Oracle RAC OCR磁盘故障快速恢复方法
在Oracle RAC的测试环境以及实际生产环境中,有时候由于误操作或者磁盘损坏都会引起OCR磁盘故障从而导致CRS无法启动,数据库不能提供服务。本文针对可能出现的几种情况分别给出具体的解决方案,以下操作都经过实践。
一、故障定位:
(1)检查日志
tail -f /var/log/messages:
Oracle Cluster Registry initialization failed with invalid format: PROC-22: The OCR backend has an invalid format //出现这个的话就怀疑是OCR磁盘故障了
(2)检查集群状态
#crs_stat -t
CRS-0184: 无法与 CRS 守护程序通信。
(3)检查进程
# ps -ef|grep d.bin
root 26170 22963 0 11:51 pts/0 00:00:00 grep d.bin
发现crs等进程均不存在
(4)crsctl check boot
# crsctl check boot
OCR initialization failed accessing OCR device: PROC-26: 访问物理存储时出错 操作系统错误 [No such file or directory] [2]
(5)crsctl check crs
# crsctl check crs
Failure 1 contacting CSS daemon
Cannot communicate with CRS
Cannot communicate with EVM
(6)检查OCR盘
# ocrcheck
PROT-602: 无法从集群注册表中检索数据
(7)检查VOTE盘
# crsctl query css votedisk
OCR initialization failed accessing OCR device: PROC-26: 访问物理存储时出错 操作系统错误 [No such file or directory] [2]

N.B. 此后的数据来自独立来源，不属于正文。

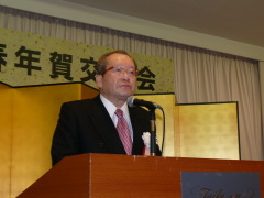 坂本会長はあいさつで、「安全を最優先にやっていかなければならないが、それには一定のコストがかかり、しっかりした適正運賃の確保が必要。さらに、環境コストも重く圧し掛かってきているし、『トラック運送業界で頑張っていこう』という気持ちを持った若い人が集まらなくなっている。様々な問題を抱えているが、皆さんのご支援、ご協力を得ながらやっていきたい」と抱負を述べた。 近畿運輸局の沢井俊・自動車交通部長は運輸事業振興助成交付金問題に触れ、「昨年末に(石津緒)運輸局長と近畿の各府県を回ったが、なかなか厳しい状況で、法制化されたが、今のところ進展していない。しかし、今後も働きかけをしていきたい」と話した。 この後、土井眞三・大阪運輸支局長の発声で乾杯し、祝宴に移った。
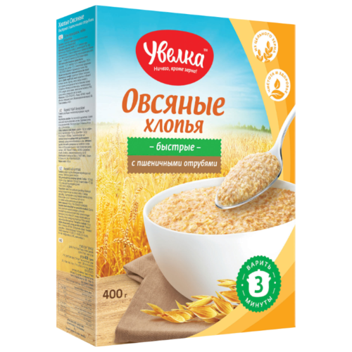 Увелка Хлопья овсяные с пшеничными отрубями, 400 г
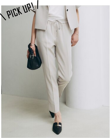 センタープレスで脚を綺麗に見せてくれるテーパードパンツ。ウエストは総ゴムのドロストデザインで、ストレスフリーに穿けるのもポイントです。同素材シリーズとのセットアップ使いもおすすめ。
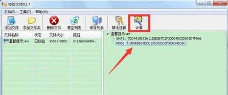 3、然后点击“计算”按钮,就可以在程序右侧生成文件所对应的MD5码,点击文件名进行展开即可查看到
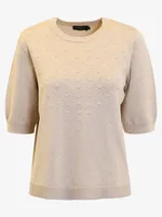 Mjuk och finstickad pullover från Brandtex i elegant viskosblandning. Kort ärm, nätta muddar och stilfullt mönster fram på bröstet – enkel att styla och perfekt för varje tillfälle.
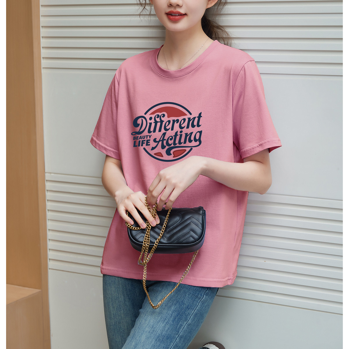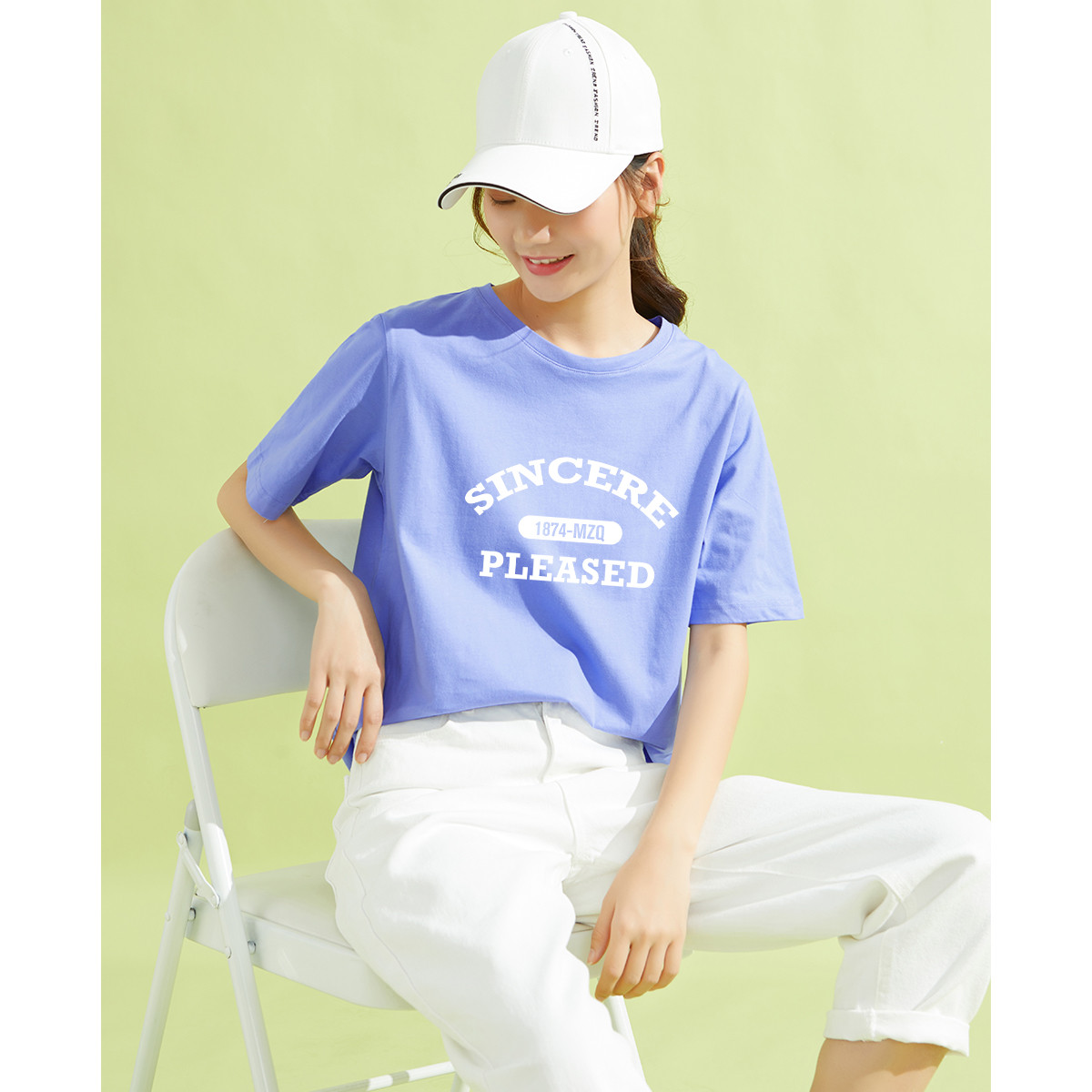 米子旗夏季圆领创意印花女式T恤简约宽松休闲短袖上衣百搭 750810
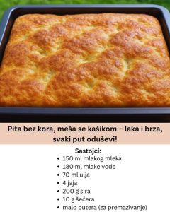 Pre pečenja se po površini rasporede sitni komadići putera. Tokom boravka u rerni oni će se otopiti i stvoriti savršen miris i ukus, kao i blago hrskavu površinu. Prethodno zagrijte rernu na 200 stupnjeva, a pečenje traje otprilike 25–30 minuta. Pita je gotova kada dobije prepoznatljivu zlatno-smeđu nijansu i blago se odvoji od ivica pleha.
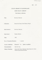 Interview with Beverley Paterson who discusses the long train journey to Stanthorpe and the life there as a student. She recalls how Miss Craig (headmistress) commuted from Brisbane to Stanthorpe each week by train. Miss Ruth George and Miss Ina Morgan were in charge of the two Brisbane branches of the school during those years. The interviewer is Pauline Roberts.
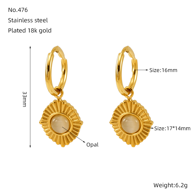 欧美INS风18K不锈钢猫眼石耳环小众钛钢耳饰复古耳环饰品现货批发,304不锈钢,18K真金 材质种类:不锈钢 | 商品编号:09562ZE476G 尺寸: 长度33mmx猫眼石长17mmx猫眼石宽14mm

到这里基本可以确定是OCR磁盘故障了,不过也可能是磁阵没有挂载上或者裸设备没绑定的原因,可以用如下方法确定:fdisk –l 检查磁盘分区确认磁阵挂载上;如果OCR以及VOTE使用的是裸设备,则使用raw –qa检查裸设备是否绑定磁盘分区。
二、现象及解决方案:
现象一:磁阵重启导致CRS进程退出,无法启动
解决方案:
(1)重新扫描HBA卡
#rescan-scsi-bus.sh
(2)绑定裸设备
#/etc/init.d/raw start
(3)扫描ASM磁盘组
#oracleasm scandisks
一般到这里CRS就会自动启动了,如果还是启动不了再执行下面的操作:
(4)关闭CRS自启动(每个节点root用户执行)
#/etc/init.d/init.crs disable
(5)停止CRS(每个节点root用户执行)
#/etc/init.d/init.crs stop
(6)检查OCR备份目录
#ocrconfig –showbackup
(7)进入OCR备份所在节点的相应目录,使用备份文件恢复OCR
#cd /home/oracle/crs/cdata/crs
# ocrconfig -restore backup00.ocr(一般这个为最新的备份文件)
(8)开启自启动(每个节点root用户执行)
#/etc/init.d/init.crs enable
(9)启动CRS(每个节点root用户执行)
#/etc/init.d/init.crs start
现象二:OCR磁盘损坏但有备份
经过一系列排查已确定CRS无法启动的原因为OCR磁盘损坏,但在rac节点的本地磁盘上有OCR的备份,则可采用如下方式恢复OCR,启动CRS:
(1)检查OCR备份目录
#ocrconfig –showbackup
rac2 2011/12/05 11:07:21 /home/oracle/crs/cdata/crs
(2)进入OCR备份所在节点的相应目录,使用备份文件恢复OCR
#cd /home/oracle/crs/cdata/crs
# ocrconfig -restore backup00.ocr(一般这个为最新的备份文件)
(3)重新启动CRS(每个节点root用户执行)
# /etc/init.d/init.crs start
(4)检查集群状态
# crs_stat –t
一切正常后表示OCR恢复成功。
现象三:OCR磁盘损坏且无备份
由于某些原因导致OCR磁盘损坏,且没有备份文件。这就需要重建OCR,并向OCR中重新注册各项资源。操作步骤如下:
(1)我们使用dd命令模拟OCR磁盘的破坏
# dd if=/dev/zero of=/dev/raw/raw1 bs=8192 count=12800
(2)停止CRS进程(每个节点root用户执行)
# crsctl stop crs或者# /etc/init.d/init.crs stop
(3)分别在每个节点上执行$ORA_CRS_HOME/install/rootdelete.sh (必须root执行)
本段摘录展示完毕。